One of the forces involved in mitosis is the polar ejection force (PEF), of which we know little save that it is thought to be generated by the protein chromokinesin, known as NOD in Drosophila. The Maresca lab studied the PEF and its proposed role in aligning chromosomes. The team created cell lines that expressed fluorescently labeled NOD with an inducible promoter and then quantified NOD levels by fluorescence imaging. As a result, the researchers found that cells overexpressing NOD showed more syntelic attachments—errors in which both sister kinetochores attach to the same, rather than opposing, spindle pole. Their quantitative fluorescence assay also showed a dose-dependent relationship between NOD fluorescence and syntelic attachments, suggesting that syntelic attachments were being stabilized by the PEF.

Though NOD had previously been classified as a nonmotile kinesin, the Maresca lab’s results suggest that NOD generates force in two ways—by tracking the plus ends of microtubules during polymerization and by plus end–directed motility. Further plans to investigate these ideas include isolating these mechanisms. “First off, we are trying to reconstitute plus end–directed motility and tip tracking by NOD in vitro,” says Maresca. “We are also generating separation of function mutants to tease apart the relative contributions of tip tracking and motility to force production and PEF-mediated stabilization of syntelic attachments.”

Maresca suggests that future studies may shed light on the magnitude of the force pulling on kinetochores. Analysis of the transmission of force through kinetochores, which are somewhat akin to focal adhesions, may benefit from the techniques used to study focal adhesions, such as combining high-resolution imaging with biosensors.

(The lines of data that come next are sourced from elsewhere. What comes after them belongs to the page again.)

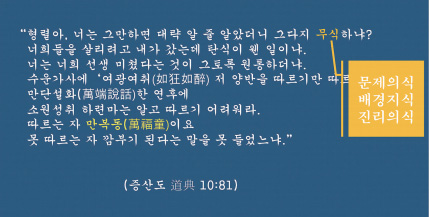 첫째 문제의식이 없어요. 어느 때인지 몰라. 아주 사소한 문제만이 자기의 문제죠. 두 번째 배경지식이 없어요. 배경지식이 없으니까 가르치는 입장에서 요리할 재료가 없는 거예요. 그래서 문제의식을 심어주고, 배경지식을 깔아주는 겁니다. 그런 연후에야 구슬을 하나로 꿰는 행위, 도담을 통해서 진리의식을 심어주는 일이 이어지는 것이죠. 바로 이 세 가지. 문제의식, 배경지식, 진리의식을 심는 행위가 설득의 바탕에 깔려있는 일이다. 그러면 만복동萬福童이 될 수 있다 이 말이죠.
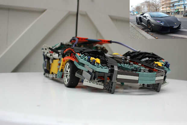 Como siempre empecé con la parte delantera del coche. Está diseñado con una capucha de convexed ligeramente por encima de las ruedas, tal como se puede ver en la foto de la vida real del Aventador. Como espero que usted ha notado he construyo en bonitos detalles (como se indica en las fotos) como los faros, el sistema de toma de aire frontal y un trabajo totalmente dirección mecanismo bajo el capó.
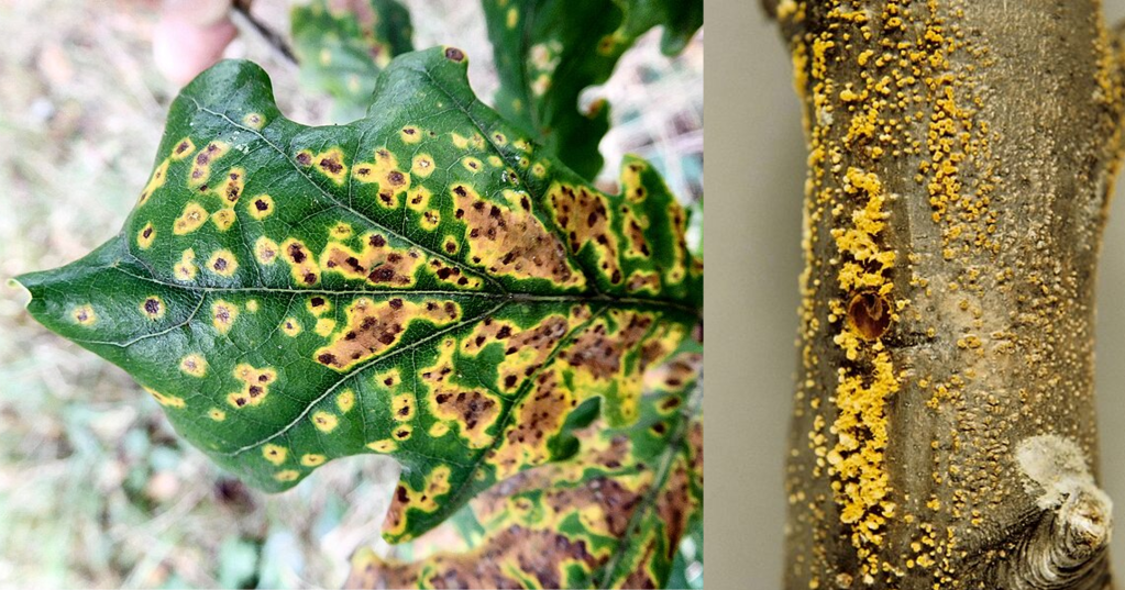Right: Chestnut blight on a chestnut tree. Image by Joseph O’Brien, CC BY 3.0

Optical or magnetic traps have also been used to study kinetochores in vitro, but Maresca is uncertain that such methods would work in living cells. He thinks that their PEF assay can overcome some of the limitations of other biophysical approaches by taking advantage of the cellular machinery to introduce forces from internal rather than external sources.

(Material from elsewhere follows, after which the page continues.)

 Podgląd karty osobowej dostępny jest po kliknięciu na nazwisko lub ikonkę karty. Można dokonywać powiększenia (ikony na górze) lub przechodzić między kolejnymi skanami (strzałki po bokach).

In the end, having too many kinetochores, and hence too many chromosomes after mitosis, can be the difference between life and death for a cell. Although it seems logical that therapeutic drugs currently on the market to treat cancer might be work by disrupting the cell spindle assembly in cancer cells and, as a result, killing them, recent work suggests that effective chemotherapy drugs—such as taxol—do not work that way at all.

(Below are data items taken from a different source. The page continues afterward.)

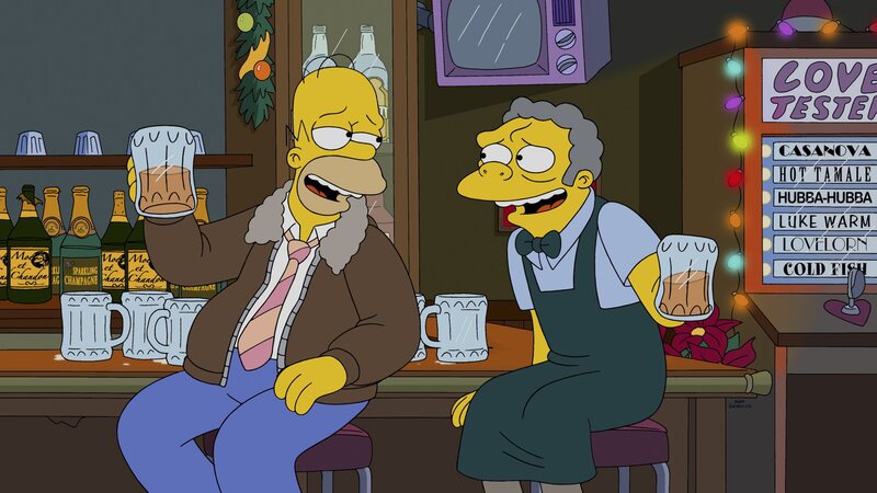 Eigentlich hat Homer vor, Marges Wünschen zu entsprechen und Heiligabend pünktlich von der Arbeit nach Hause zu kommen. Als er nur kurz bei Moe reinschauen will, hält der ihn auf, weil er einsam ist.
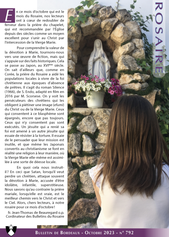 AU SOMMAIRE CE MOIS-CI Éditorial L’euthanasie, la souffrance et les chrétiens Qu’est-ce qu’une authentique vie spirituelle ? Tous coupable ? Informations régionales Méditations du Rosaire Pour lire l’ensemble du Bulletin mensuel de…
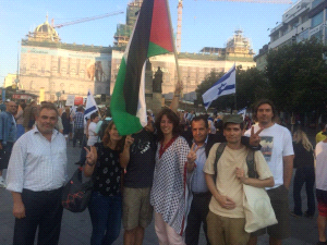 وقالت الناشطة يانا ريدفانوفا من حركة التضامن العالمي ISM: "جئنا إلى ساحة القديس فاتسلاف كي نعبر عن دعمنا لقرار وزارة التعليم والشباب والتربية البدنية بإسقاط وصف القدس كعاصمة لدولة الاحتلال الإسرائيلي من المنهاج المدرسي، وتعبيرا عن عدم موافقتنا على هذه الوقفة المستهجنة التي تستنكر القرار".
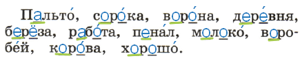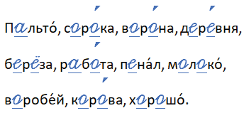П_льто, с_р_ка, в_р_на, д_р_вня, б_р_за, р_б_та, п_нал, м_л_ко, в_робей, к_р_ва, х_р_шо.
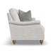 A Fresh Take on Timeless Style Traditional elegance gets a fresh reinterpretation with the Veda sofa. The petite, pleated roll arms slope down onto stately legs, delivering timeless details and graceful curves that soften the room while adding an abundance of charm. Generous seat space, cushion fill choices, and the Blue Steel Spring at the heart of each seat ensure lasting comfort. And bring your room together with four accent pillows, orderable in your choice of fabric. Pleated, petite roll arms with soft curves for an elegant touch Choose from a round turned or square tapered leg, available in three finish options Includes four accent pillows in your choice of fabric to match your personal style The patented Blue Steel Spring in the seat provides unmatched support and lasting comfort Constructed with a premium, durable 5-layer wood frame The removable and reversible seat and back cushions allow you to flip and rotate them for even wear The seat cushions have a high resiliency foam core that is engineered to maintain its shape over time and contain a layer of recovery foam and a soft fiber top for luxurious comfort. An upgrade to Featherblend fill is available Upholstered in your choice of fabric, including those with performance and sustainability characteristics Handcrafted in North America Model Number: 7171-31 Dimensions 36H x 86W x 37L
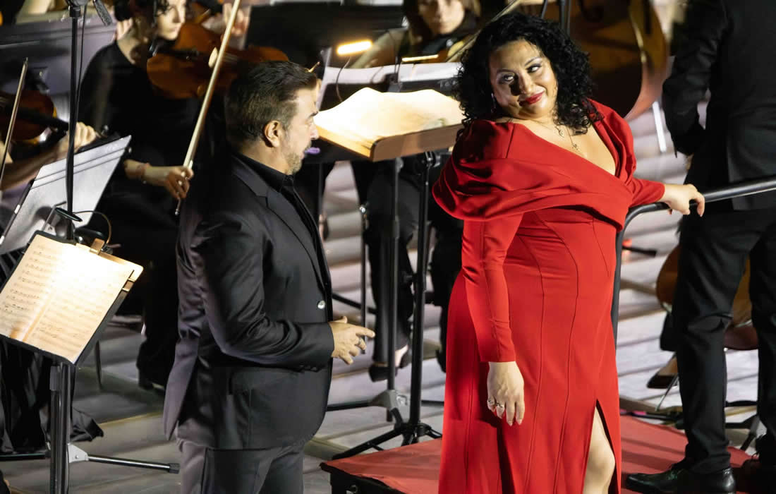 Anita Rachvelishvili ha deliziato l'intera cavea con la sua voce vigorosa e timbrata da mezzo-soprano lirico centrale, attraverso la quale riusciva ad insufflare passione, fascino e seduzione in ogni melodia intonata. L'ampiezza dell'estensione unita ad una ottima tecnica di controllo del suono e del fraseggio aderivano in modo preciso e appropriato alla tessitura affidata al personaggio eponimo. Il tenore Eduardo Sandoval ha da subito rivelato una vocalità densa e corposa con una zona acuta sempre morbida e vellutata dove gli acuti si evidenziavano puliti, pieni e coperti. Il baritono Liu Haoran (Escamillo) ha sfoggiato estremo equilibrio e compostezza vocale, alquanto significativa ci è parsa in particolare l'interpretazione del couplet Votre toast… je peux vous le rendre…Toréador engarde, reso con eleganza e distinzione. Particolarmente efficace è stata la non certo facile esecuzione del quintetto tratto dal secondo atto Nous avons en tête un affaire al quale hanno preso parte gli abili e valenti Alberto Munafò Siragusa (Remendado), Leonora Ilieva (Frasquita), Davide Benigno (Dancairo), Antonella Arena (Mercedes). Bene anche Emanuele Collufio nella parte di Zuniga.
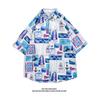 Camisa de manga corta con estampado digital para hombre, nueva camisa informal de manga corta con solapa holgada, de comercio exterior de verano de 2024
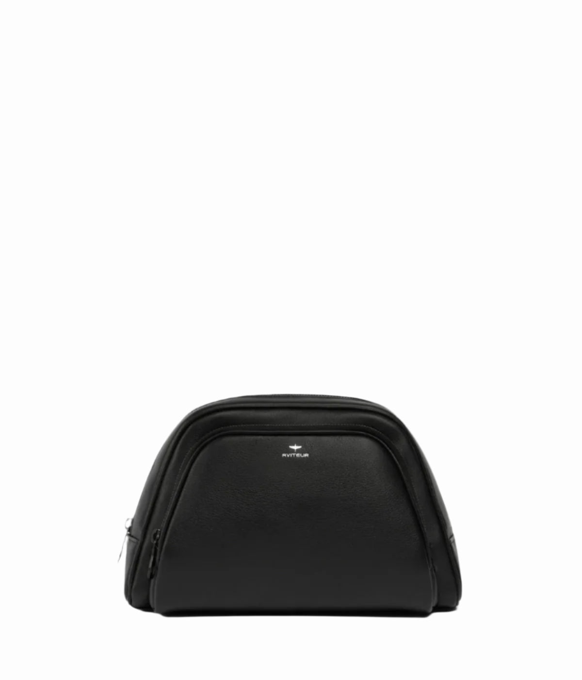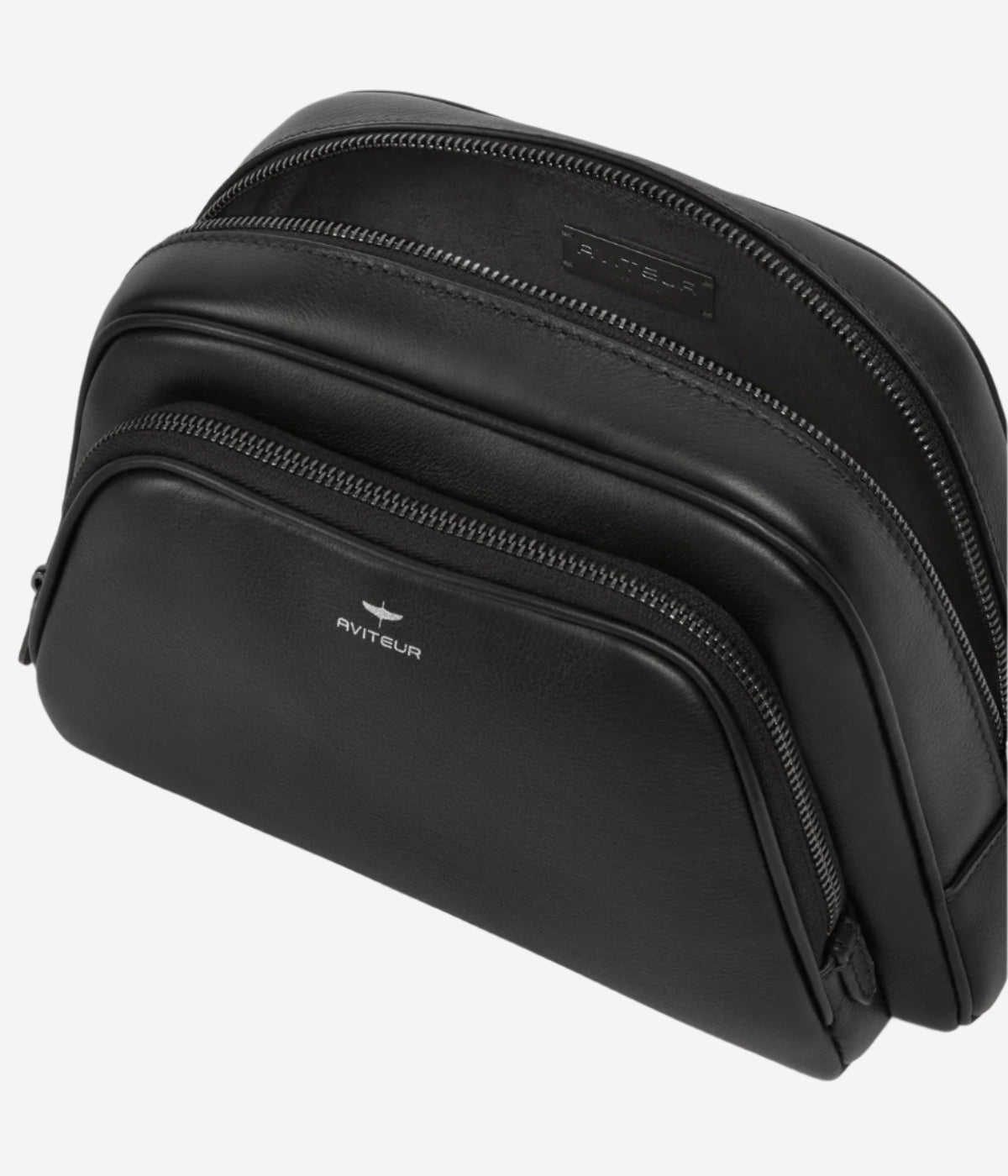 Toiletry Bag in calfskin, lined in washable microfiber. External zipped compartment
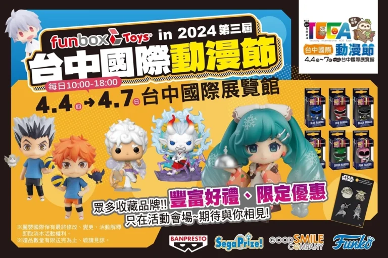 日本模型商GSC宣布與Funbox Toys麗嬰國際共同參展2024台中國際動漫節,並公開了展場限定品、活動好禮等情報。

“Regardless of how ongoing trials of mitosis-specific drugs turn out, I think that it cannot hurt to reevaluate the philosophical underpinnings of how novel antimitotic chemotherapies could work,” says Maresca. “Targeting unique yet commonly shared aspects of cancer cell division—for example, mitosis with multiple centrosomes—is a relatively new idea with a lot of promise.”


1. Telley, I. A., I. Gaspar, A. Ephrussi, and T. Surrey. 2013. A single Drosophila embryo extract for the study of mitosis ex vivo. Nat. Protocols 8(2):310-324.

2. Telley, I. A., I. Gaspar, A. Ephrussi, and T. Surrey. 2012. Aster migration determines the length scale of nuclear separation in the Drosophila syncytial embryo. J. Cell Biol. 197(7):887–895.

3. Cane, S., A. A. Ye, S. J. Luks-Morgan, and T. J. Maresca. 2013. Elevated polar ejection forces stabilize kinetochore–microtubule attachments. J. Cell Biol. 200(2):203-218.